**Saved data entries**

┌────────

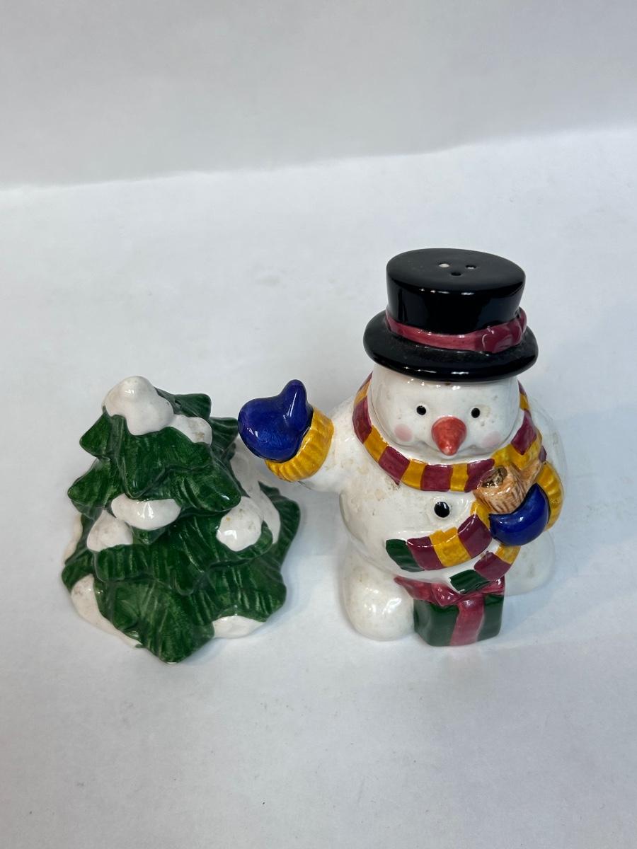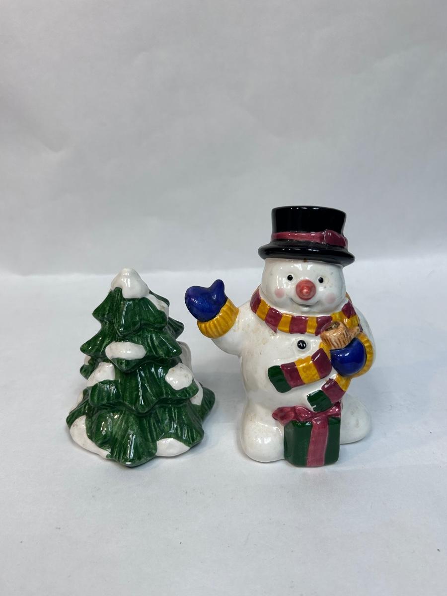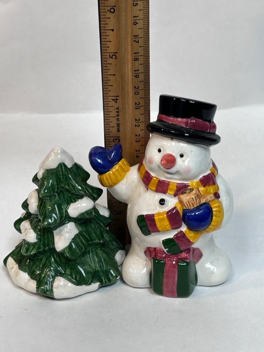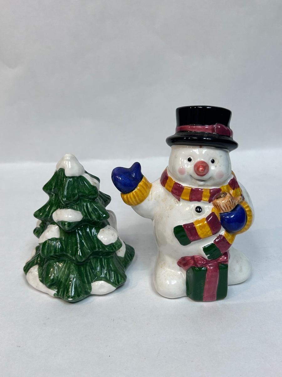 Ceramic Cooks Club Snowman Frosty and Christmas Holiday Tree Salt and Pepper Novelty Shakers
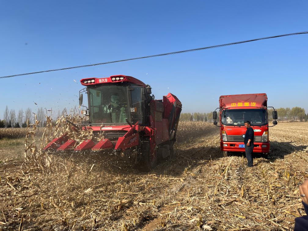 壽陽(yáng)縣景尚鄉(xiāng)正在進(jìn)行玉米機(jī)收。新華社記者 王勁玉 攝
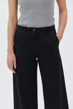 Introducing the new fabric version of the popular MASKA classic Leka, offering effortless style and comfort. This easy-to-wear and versatile style features a straight, cropped wide leg and a normal waist with belt loops for added functionality. With front slip pockets and two welt back pockets, these trousers are both practical and stylish. Expertly crafted from 100% Italian soft recycled cotton twill in a mid weight with a graceful drape. Combine them with a chunky knitted top like the new style Ray and a pair of flat sandals. Product details - 100% recycled cotton (GRS) - Made in Portugal Size & fit - The model is 175 cm and wearing a size S - Regular fit - Choose your regular size
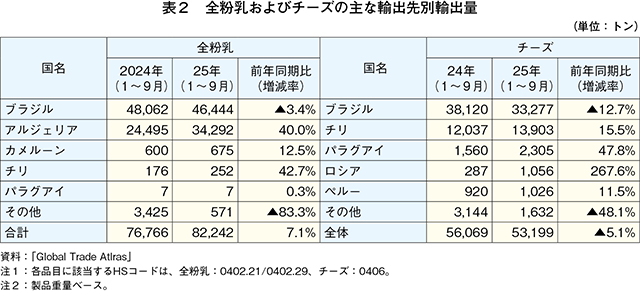 最大の輸出品目である全粉乳は、輸出先第1位のブラジル向けが4万6444トン(同3.4%減)、これに続くアルジェリア向けが3万4292トン(同40.0%増)と、この2カ国で全体の98.2%を占めた(表2)。また、チーズは、輸出先第1位のブラジル向けが3万3277トン(同12.7%減)、これに続くチリ向けが1万3903トン(同15.5%増)と、この2カ国で全体の88.7%を占めた。両輸出品目で輸出先第1位となっているブラジル国内では、生乳生産量が前年同期比で増加しており、乳製品の輸入量が減少している。
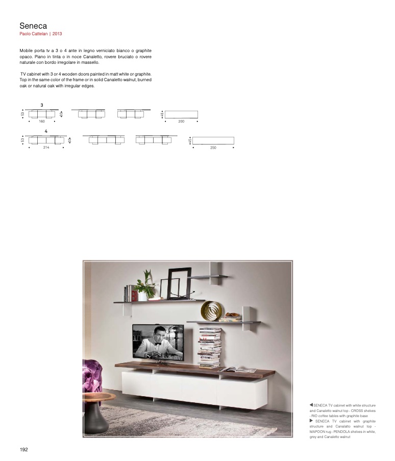 TV cabinet with 3 or 4 wooden doors painted in matt white or graphite.
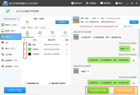 接下來在電腦上借助強力蘋果恢復精靈軟件來讀取備份數據,提取出微信聊天記錄即可。
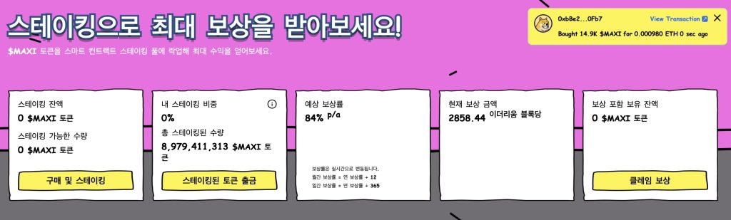 MAXI 프리세일은 360만 달러 이상 모금했으며 예상 보상률 APY 84%의 스테이킹 풀도 제공한다. 인상적 성장 속도와 강력한 보상의 조합 덕분에 일부 트레이더는 차기 대세 밈코인으로 예측하기도 했다.
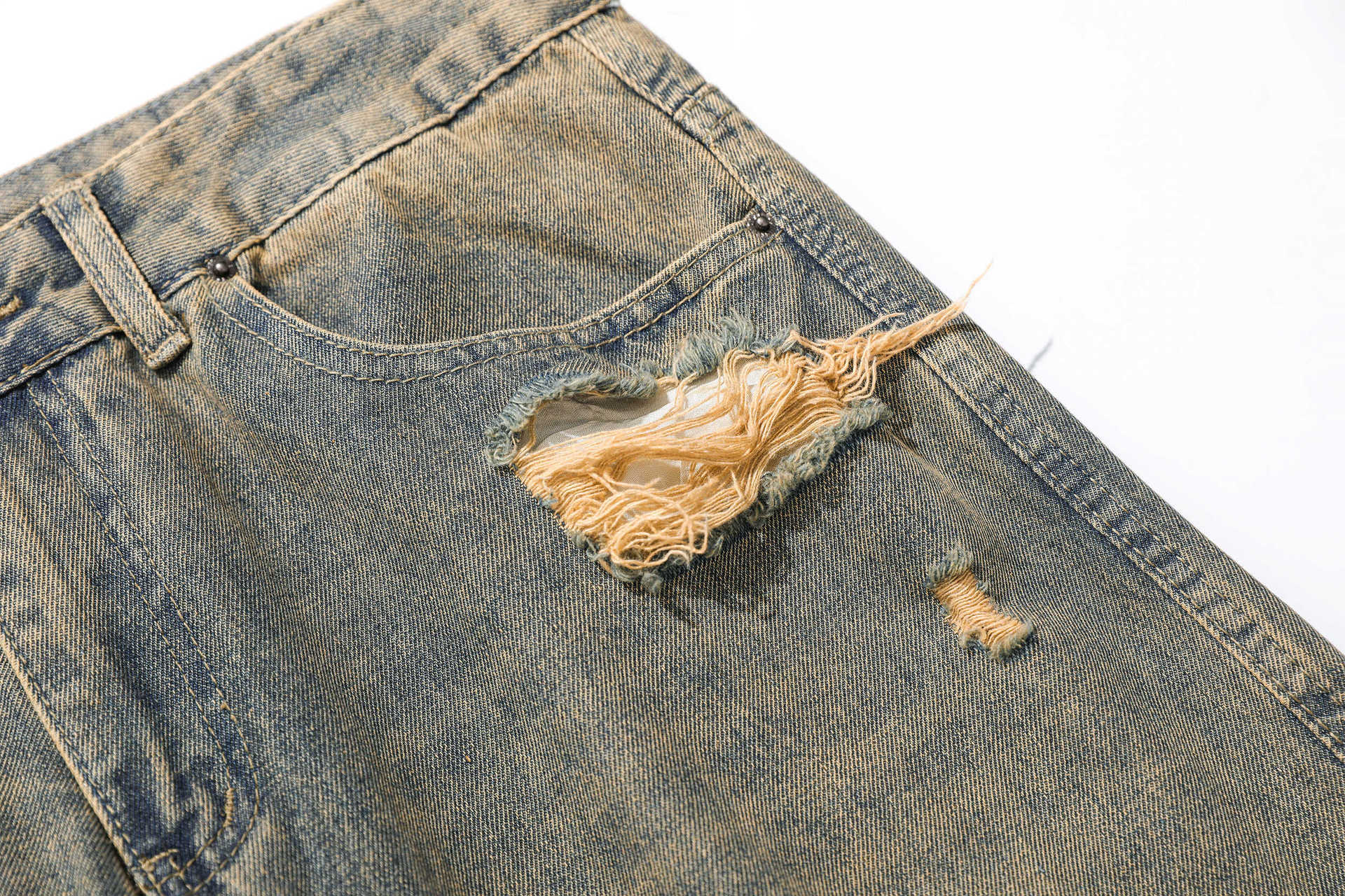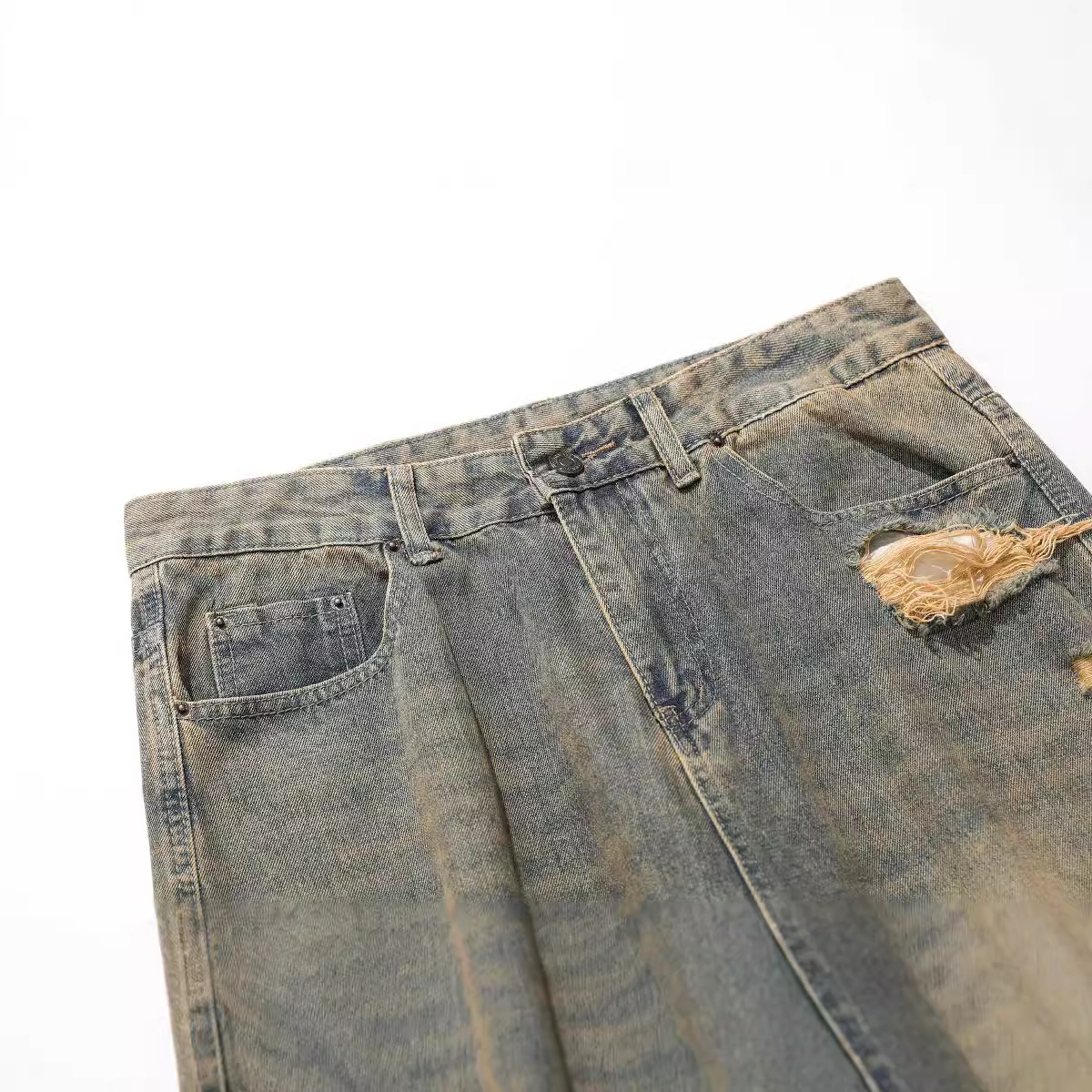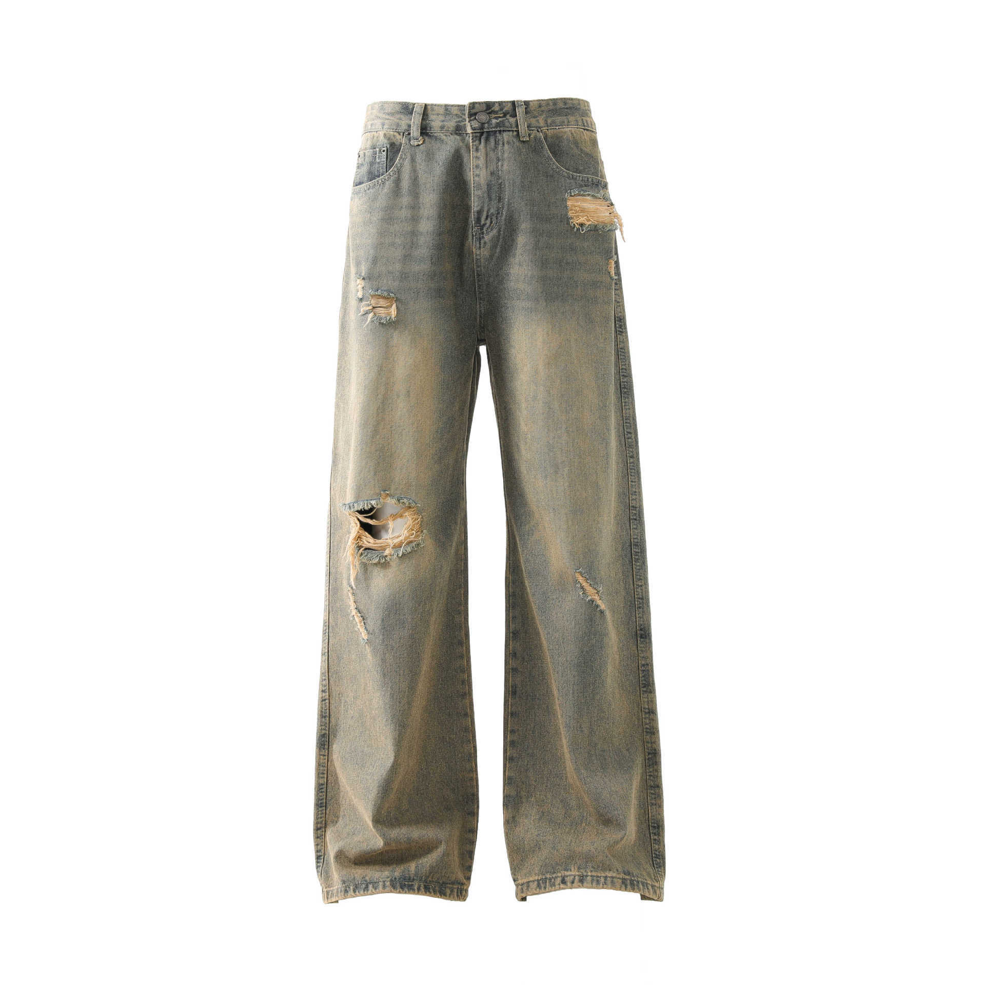 Retro Washed Ripped Jeans Loose Straight Casual Trousers
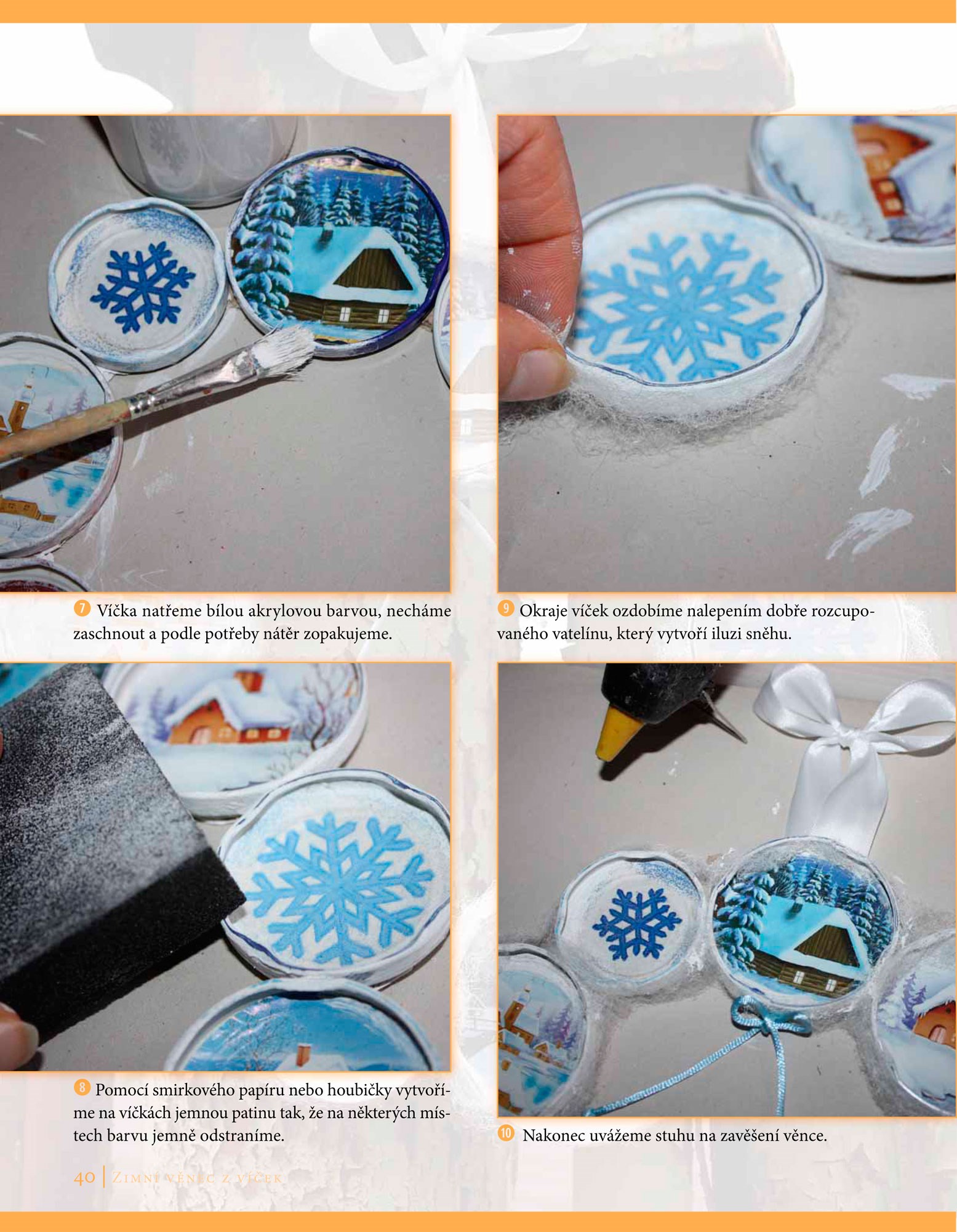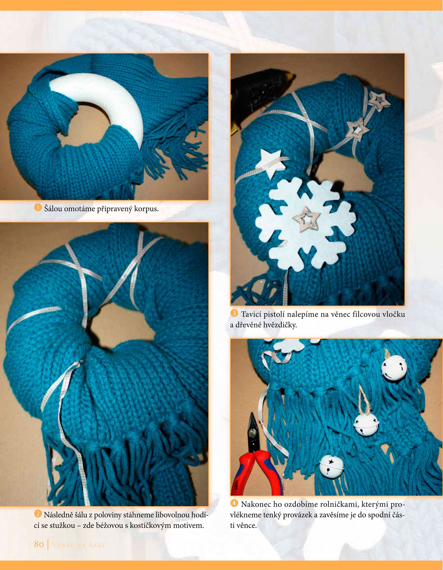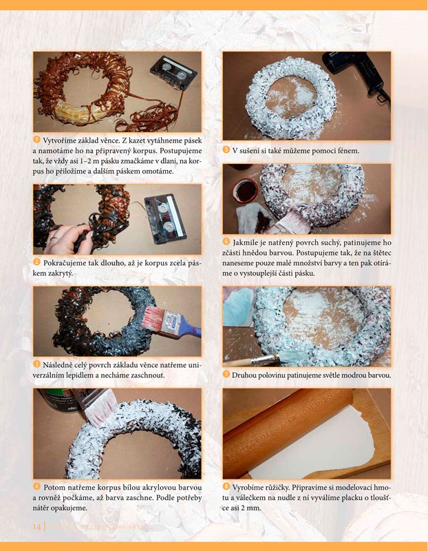 Ve zbrusu nové publikaci naleznete 35 jedinečných projektů, ve kterých vás zkušená autorka přesvědčí, že věnec je možné vykouzlit opravdu z čehokoliv, co vás zrovna napadne. Staré kazetové pásky, vyhořelé kalíšky čajových svíček, kovová víčka od zavařenin či obyčejná cibulová nať – to vše můžete použít jako základní materiál pro výrobu krásného dekorativního věnce. Dokonce ani stará šála nemusí ležet v šuplíku a může se stát ozdobnou dekorací na vašich dveřích. Zkrátka, fantazii se meze nekladou a vůbec nezáleží na tom, zda jste začátečník nebo pokročilejší, důležitá je pouze chuť tvořit.
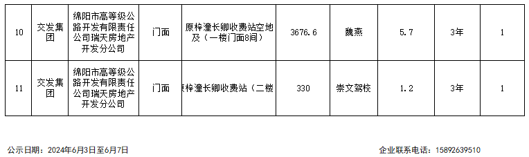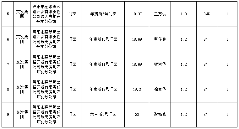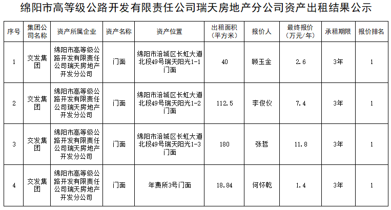 綿陽市高等級公路開發(fā)有限責任公司瑞天房地產分公司資產出租結果公示

└────────

**What is needed**
I would like the exact lines from the data above, starting with the one that holds "接下來在電腦上借助強力蘋果恢復精靈軟件來讀取備份數據,提取出微信聊天記錄即可。" and going on through the one that holds "Retro Washed Ripped", without the pictures.

**Worked solution**
 接下來在電腦上借助強力蘋果恢復精靈軟件來讀取備份數據,提取出微信聊天記錄即可。
 MAXI 프리세일은 360만 달러 이상 모금했으며 예상 보상률 APY 84%의 스테이킹 풀도 제공한다. 인상적 성장 속도와 강력한 보상의 조합 덕분에 일부 트레이더는 차기 대세 밈코인으로 예측하기도 했다.
 Retro Washed Ripped Jeans Loose Straight Casual Trousers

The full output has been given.